Eppure accade sempre più spesso: è il fallimento della medicina?
"La medicina ha perso il suo obiettivo. Invece di occuparsi della persona, si è occupata di piccole cose che sa fare bene. Una delle tragedie del nostro tempo è il modello della medicina McDonald's. Mirata a produrre pochi servizi, ben prevedibili e nel migliore dei modi. Al fast food hai una scelta limitata di cibo, però sai cosa mangi e sai che farai nel più breve tempo possibile. Questa medicina ha creato la malattia cronica. Oggi alla persona non è permesso di morire, e continuare a mantenere in vita persone che sono progressivamente più disabili, più incompetenti, significa generare un mondo di malati cronici".
Invece?
"L'obiettivo è cercare di mantenere la persona funzionale quanto più possibile, fino alla soglia della morte. E c'è moltissimo che si può fare: prima di tutto evitare le malattie e la disabilità cardio-vascolari controllando diabete, ipertensione, dieta. Evitare di fumare, naturalmente. E poi interventi mirati. Per esempio per le donne, ma anche per gli uomini, l'osteoporosi è una causa di disabilità enorme. L'osteoporosi si può prevenire in molti modi diversi, ci sono farmaci e interventi chirurgici. Per esempio con la vertebroplastica si può mantenere il corpo vertebrale più a lungo. Poi, evitare il dolore e quindi consentire il movimento. Insomma, bisogna concentrasi su quelle strategie terapeutiche che, anziché puntare sull'organo, puntano a evitare la disabilità".

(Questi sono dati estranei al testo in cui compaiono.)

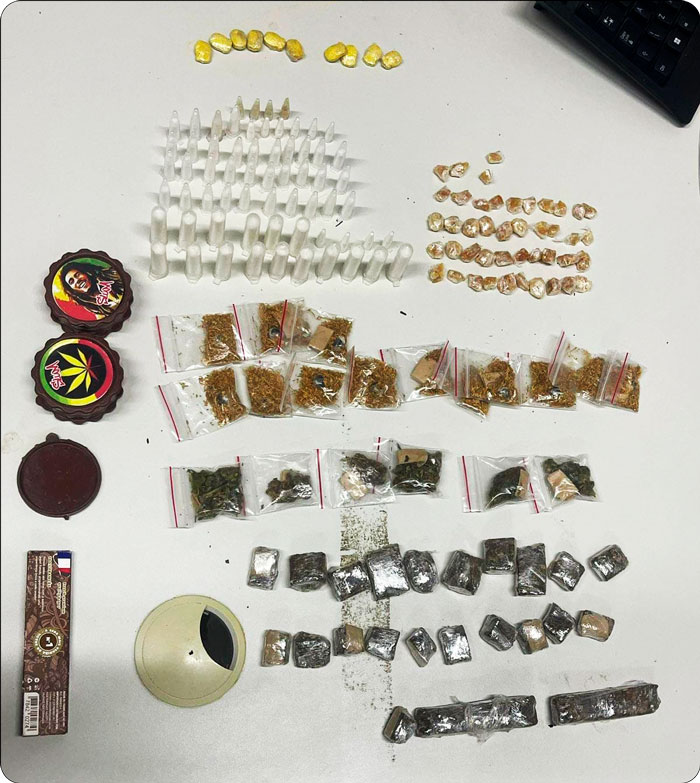 Após o acompanhamento e mediante verbalização e ordens legais, os suspeitos se renderam. Durante a abordagem, foram encontrados com os indivíduos 64 pinos de cocaína, 29 buchas de maconha, 13 buchas de haxixe, 44 pedras de crack, 10 comprimidos de MD, além de 02 dichavadores.
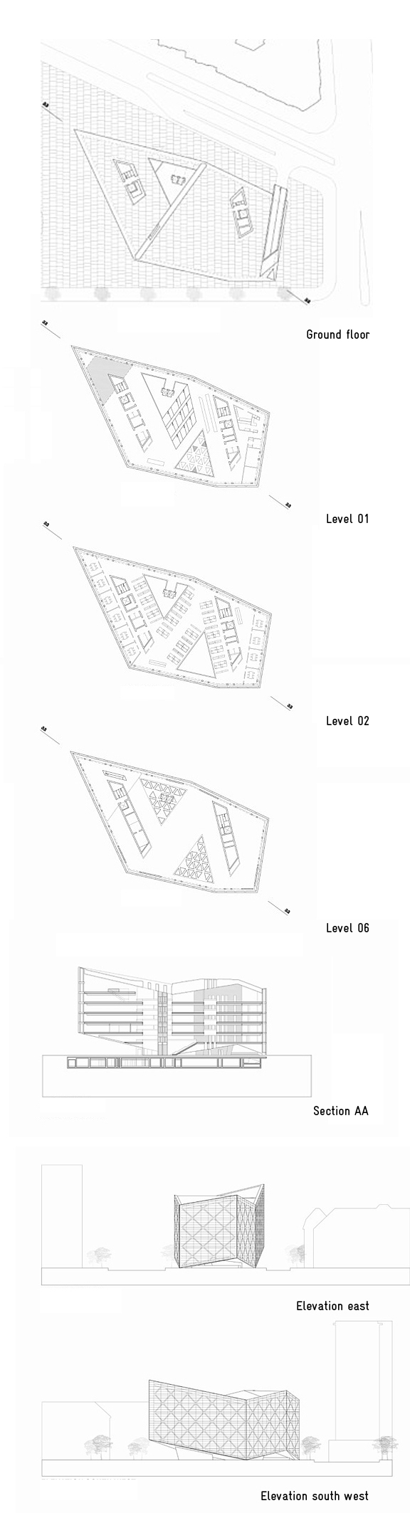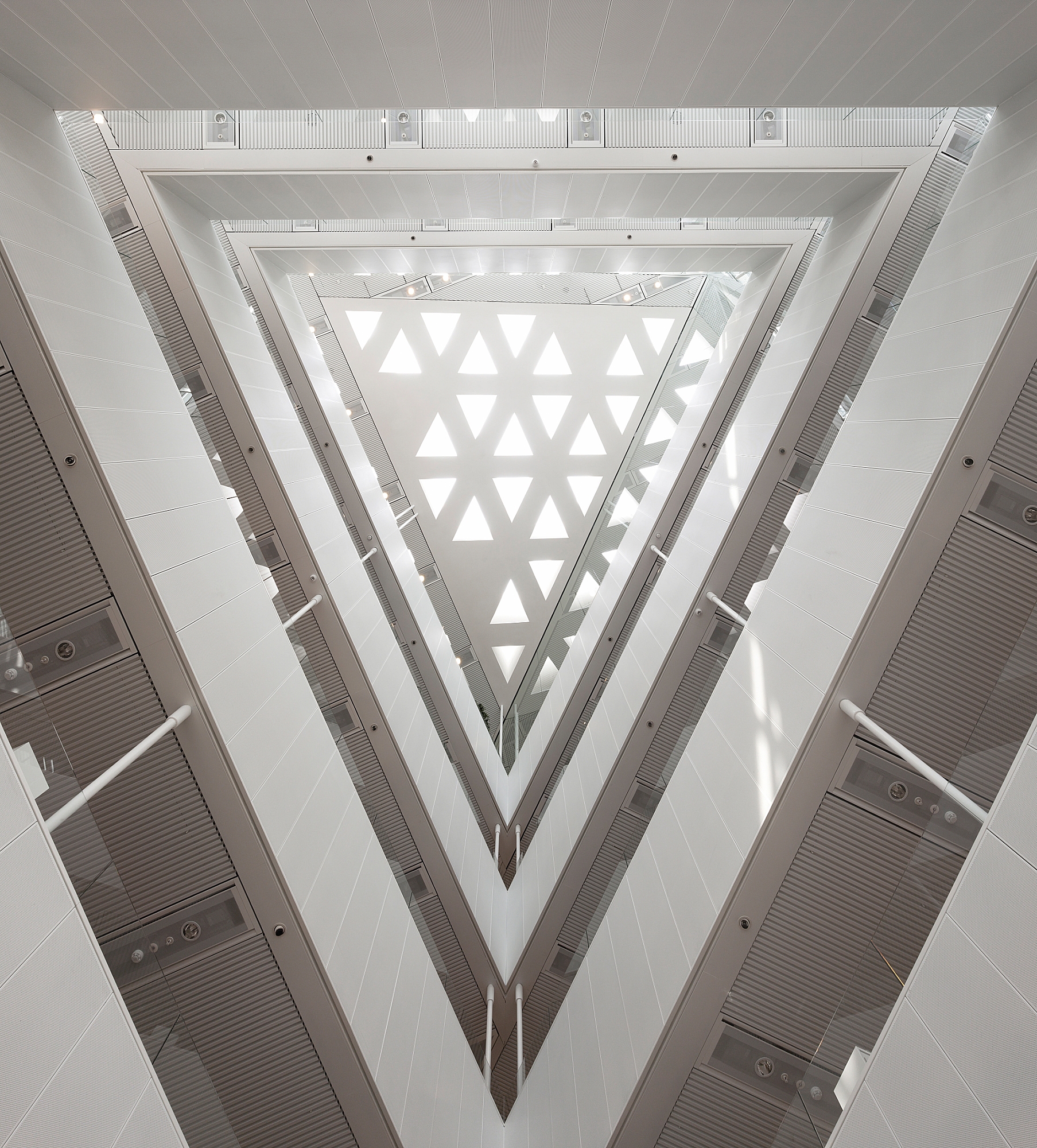 In terms of both form and scale, the building is intermediate between the city and the harbour, and harmonises with neighbouring buildings. On the southern side it rises with reference to the Elefanthuset’s gable apex and creates space for the main entrance. From the corner of Puggardsgade and Hambrosgade there is passage under the building and a clear view out towards Nykredit’s head office building, called the Glass Cube, and the harbour. The interior layout of the building has been designed for optimum functionality, flexibility and ef¬ficiency. The typical floor plan is disposed in a Z-shape around two atria, which ensures that all workstations are well lit and enjoy a view. The disposition of the plan allows the accommodation of open plan, separate offices or meeting rooms. The building is primarily supported by a rhombic construction system placed immediately inside the façade. The system functions both as an architectural element while also allowing the building to dispense with pillars.

Insomma, una medicina che punti non all'immortalità, ma all'autosufficienza.
"Esatto. Si pensi a un tema come il controllo del dolore. A una persona che ha un dolore che previene il movimento, adesso le linee guida dell'American geriatrics society raccomandano che siano somministrati regolarmente dei narcotici cronici, perché è molto meglio avere un po' di tossicodipendenza piuttosto che essere paralizzato da un dolore che impedisce di muoverti. Non c'è dubbio che la medicina abbia l'inquietante potere di prolungare la morte. Ma questo la società lo deve evitare, innanzitutto mettendo tutti nelle condizioni di poter gestire la propria morte, di prendere coscienza di quello che li aspetta, dei disastri che la medicina può combinare: quindi la società deve garantire che ciascuno possa dare direttive ben precise di come vuole sia gestita la fase finale della sua vita. Ma prima ancora, essa deve creare una medicina centrata sulla persona umana, che preveda un medico capace di lavorare col paziente, riferire al paziente, dire al paziente 'in questo caso credo che un intervento cardiaco ti possa aiutare', 'in questo caso, guarda, se lo vuoi è disponibile, però, penso che, data la condizione generale, tu probabilmente non sei pronto'. Insomma una medicina che insegni a dire di no, se è quello che il cittadino davvero vuole".